----- RECORDS FOR THIS EXERCISE

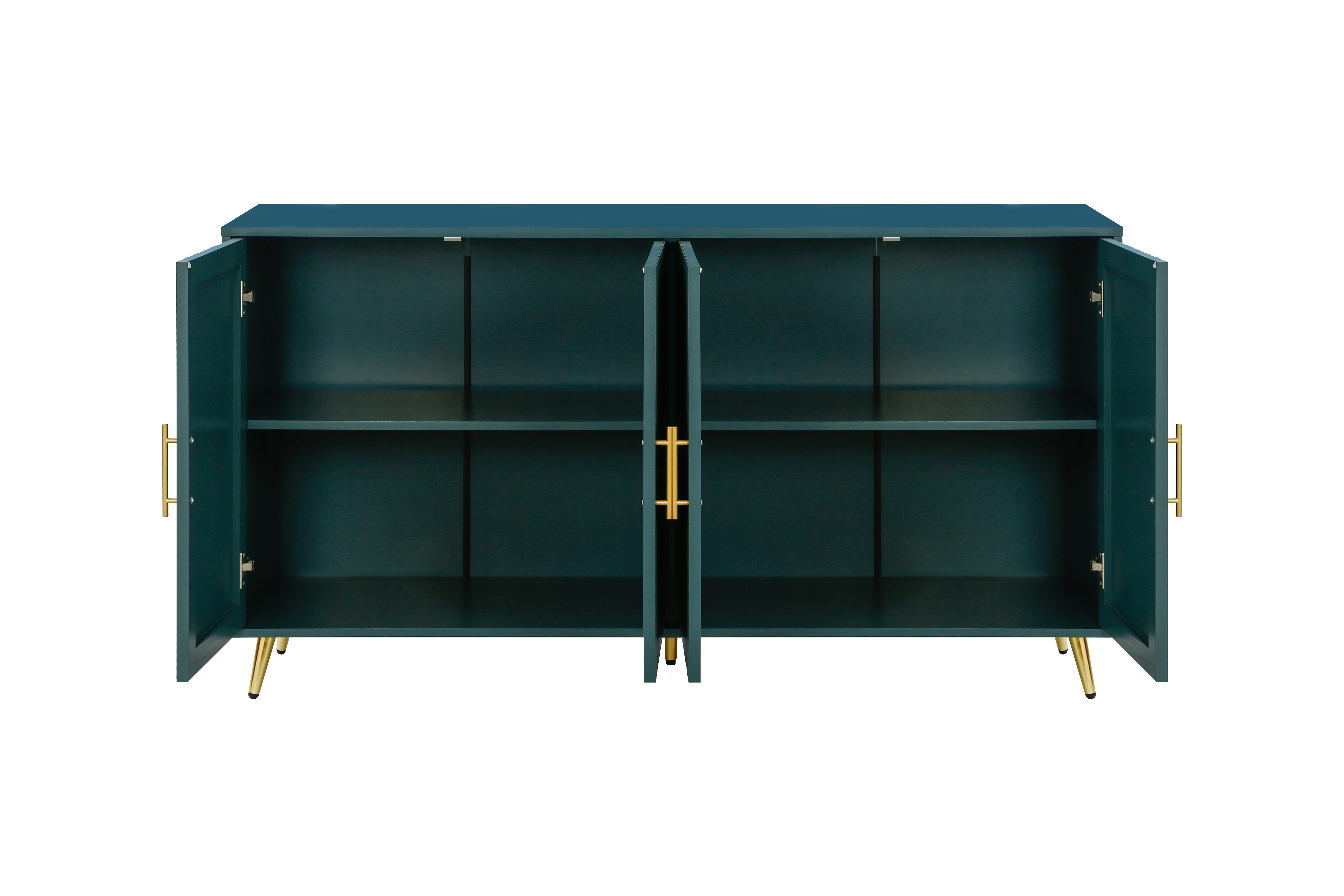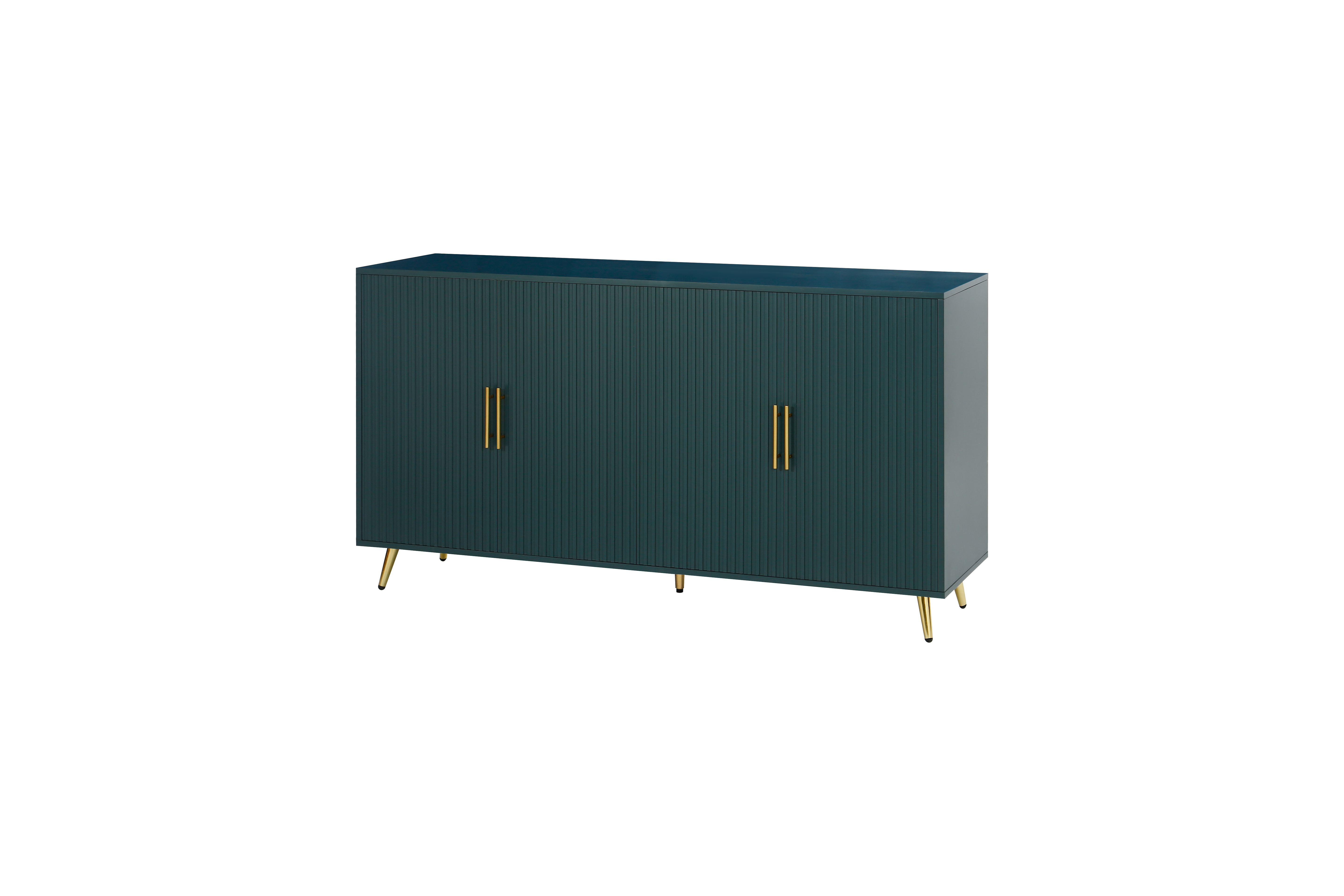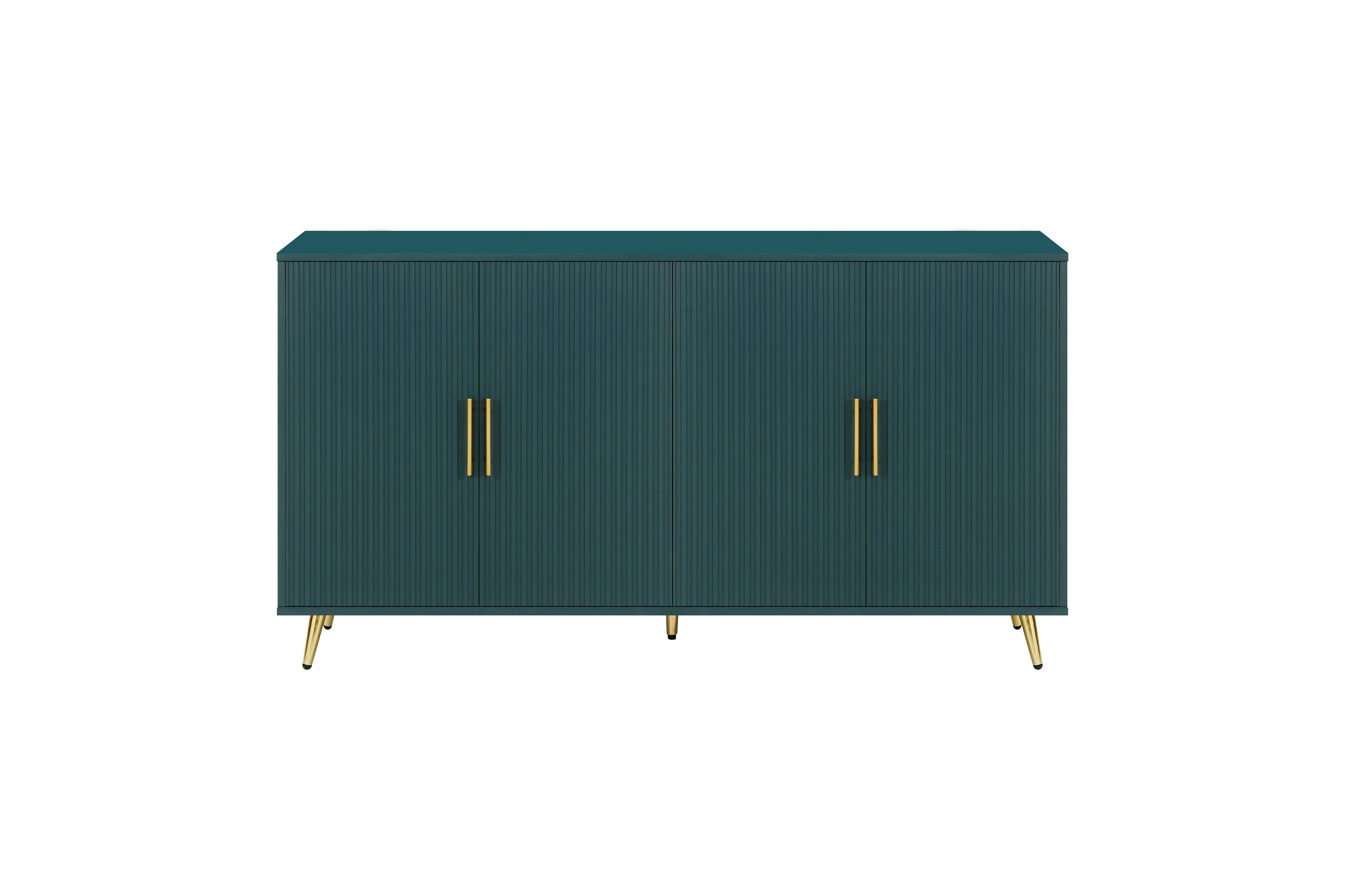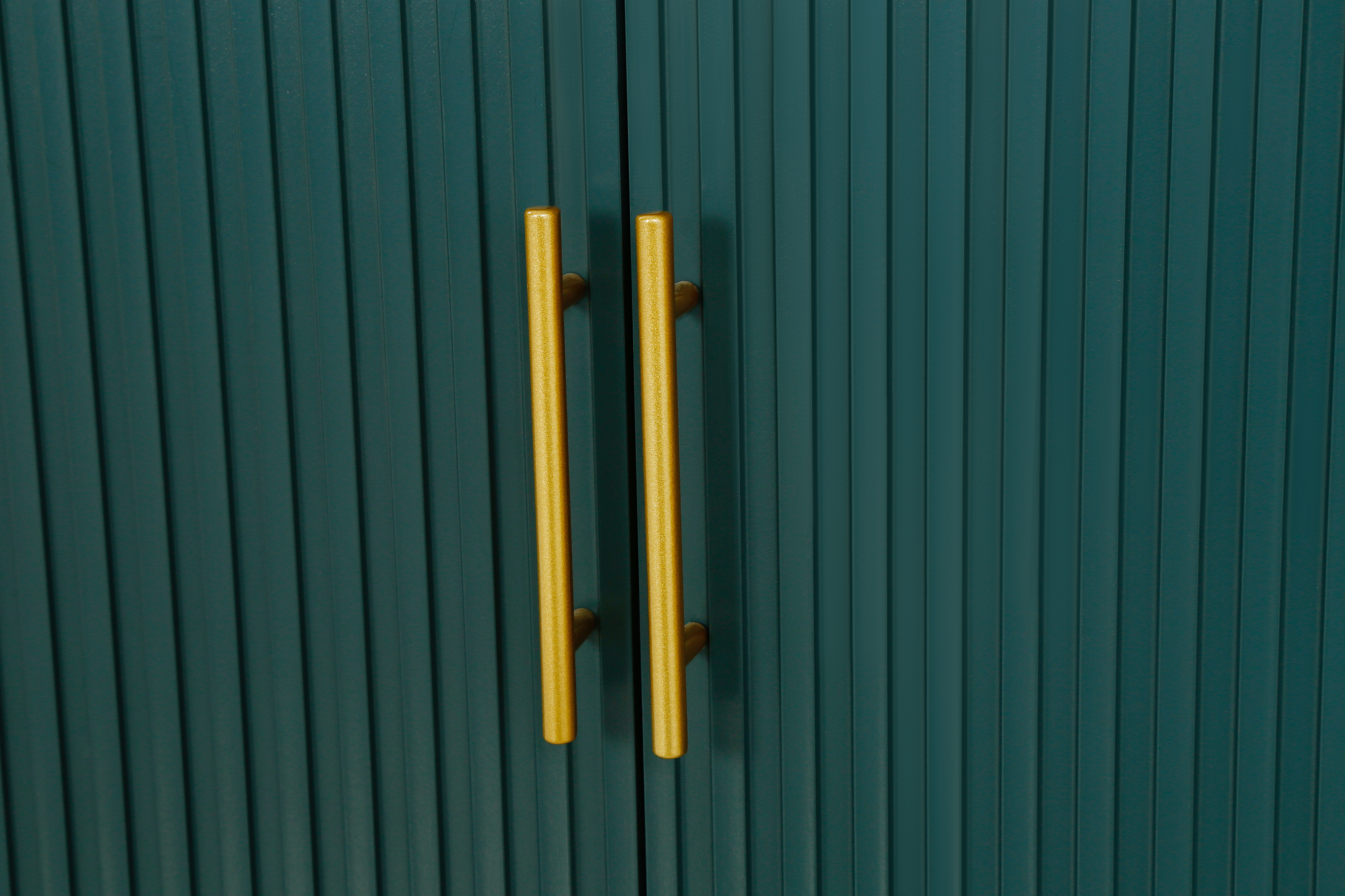 Green four-door cabinet using high-grade paint, after fine manual processing, the overall show a more advanced texture. This treatment method not only makes the appearance of the cabinet more smooth, but also increases its visual appeal. The four doors of the cabinet are designed with vertical lines, and the use of this line gives the overall effect a unique feeling These vertical lines not only play a decorative role, but also enhance the three-dimensional and layered sense of the cabinet whether placed in the living room bedroom or office space, this design can bring a fashion and modern sense to the entire environment through the use of advanced paint, the surface of the cabinet shows a glossy sense, making it more durable and easy to clean At the same time, the choice of paint color is also very important. The choice of blue can not only reflect the personality and taste of the cabinet, but also form a harmonious match with the surrounding decorative elements. The use of this color makes the whole cabinet more fashionable and delicate
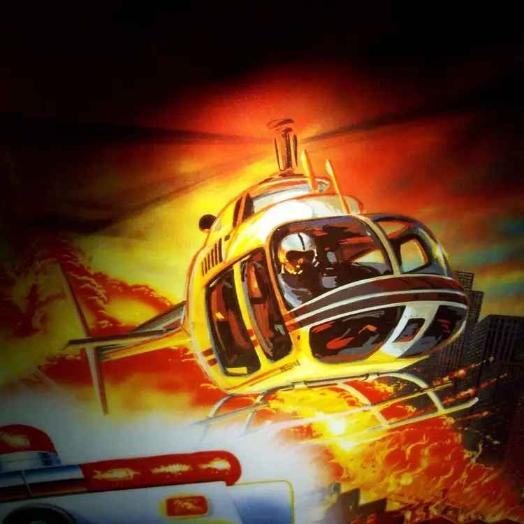 FYI: Translite artwork was intended to be used inside a pinball machine behind clear glass. The lights inside the pinball machine will illuminate the artwork. The item may also be hung on a wall either framed like an large art print of back lit with lighting if you build a special wall box with lights behind it. A few photos show how nice the item looks when backlit with LED lighting. Orders are shipped with care. Full color original pinball machine translite. A pinball translite is a flexible art sheet that is placed behind the clear glass on a pinball machine. The clear glass is NOT included this is just the translite. Measures 20" X 25". This item is quite scarce. Shipped rolled in heavy mailing tube. Unused old stock. Has mild imperfections due to age.
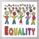 Das Design der Gleichheit umfasst eine Sammlung verschiedener Personen und das Wort Gleichheit darunter. Der Versuch, eine vereinende Grafik zu finden, die die Menschen verbindet, anstatt sie zu teilen. Wir sind alle Menschen - fangen wir an und Leckerei mit Respekt und Freundlichkeit, feiern unser Diversity - und streben nach echter Gleichheit.
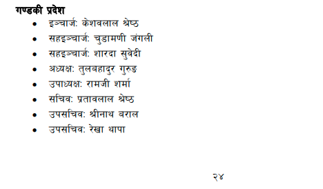 गण्डकी प्रदेशको इन्चार्जमा केशवलाल श्रेष्ठको नाम पठाइएको छ । सह–इन्चार्जहरु चुडामणी जंगली र शारदा सुवेदी रहेका छन् । अध्यक्ष तुलबहादुर गुरुङ, उपाध्यक्ष रामजी शर्मा, सचिव प्रतावलाल श्रेष्ठ, उपसचिव श्रीनाथ बराल र उपसचिव रेखा थापा रहेका छन् ।
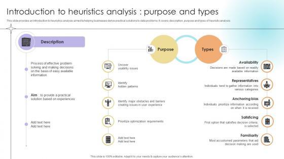 This slide provides an introduction to heuristics analysis aimed ta helping businesses derive practical solutions to data problems. It covers description, purpose and types of heuristic analysis.There are so many reasons you need a Introduction To Heuristics Analysis Purpose And Types Data Analytics SS V. The first reason is you can not spend time making everything from scratch, Thus, Slidegeeks has made presentation templates for you too. You can easily download these templates from our website easily. This slide provides an introduction to heuristics analysis aimed ta helping businesses derive practical solutions to data problems. It covers description, purpose and types of heuristic analysis.
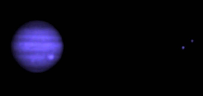 Einen höchst unvertrauten Anblick - mehr hoch als breit - bietet der Planet Jupiter im IR-Methanband. Rechts erblickt man die Monde Io und Europa
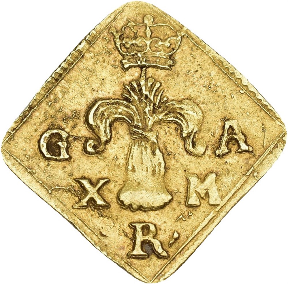 10 mark klipping 1626, Stockholm. 3,32 g. Stockholm. Preget med lett korrodert adversstempel.
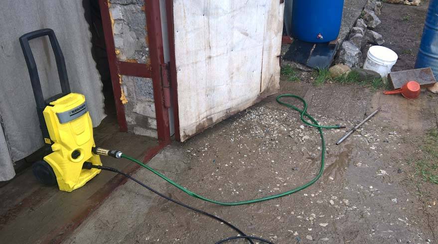 В схему подключения мойки высокого давления к бочке, ведру к всасывающему патрубку также входит установка фильтра и штуцера, к которому подсоединяют шланг для подачи. Второй конец опускают в используемую емкость. Чтобы при включении он не выскочил, его погружают в воду и закрепляют. Сначала подсасывают для наполнения рукава водой, далее он сам начнет набирать нужное ее количество.
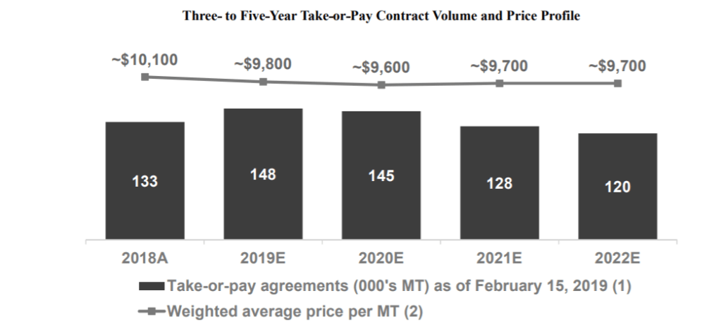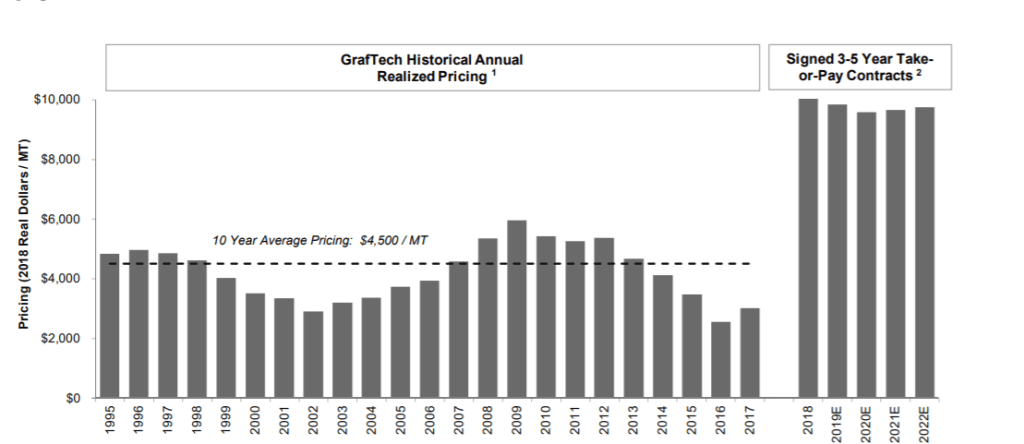 Graftech recently changed the way it conducts its business. Nowadays, it implements take-or-pay contracts, in which it establishes a price and a quantity of electrodes to deliver. In case the client does not want/cannot receive them, he must pay what was established in the contract. The average price at which contracts were signed were US$9700 per MT, and the 10-year average is US$4500. These contracts represent 65% of total sales towards 2022, the remainder of production will be sold at spot prices.
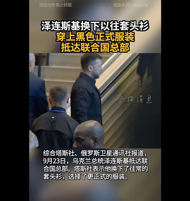 据参考消息,9月23日,乌克兰总统泽连斯基抵达联合国总部,他换下了往常的套头衫,选择了更正式的黑色服装。
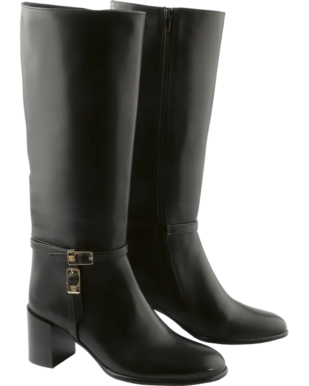 Moderne boots med en ren og stilren silhuett. Laget av mykt, glatt kalveskinn med gyldne spenner ved ankelhøyde som gir et elegant preg. Den spisse tåen og blokkhælen på 70 mm fullender det sofistikerte uttrykket. Komforten er førsteklasses, med mikrofiberfôr, lett TPU-såle og fast integrert innersåle i skinn.

----------

### WHAT IS REQUIRED
The answer must be the lines above from the one containing "Graftech recently changed" through the one containing "据参考消息,9月23日,乌克", reproduced exactly, with no pictures and nothing else.

### ANSWER
 Graftech recently changed the way it conducts its business. Nowadays, it implements take-or-pay contracts, in which it establishes a price and a quantity of electrodes to deliver. In case the client does not want/cannot receive them, he must pay what was established in the contract. The average price at which contracts were signed were US$9700 per MT, and the 10-year average is US$4500. These contracts represent 65% of total sales towards 2022, the remainder of production will be sold at spot prices.
 据参考消息,9月23日,乌克兰总统泽连斯基抵达联合国总部,他换下了往常的套头衫,选择了更正式的黑色服装。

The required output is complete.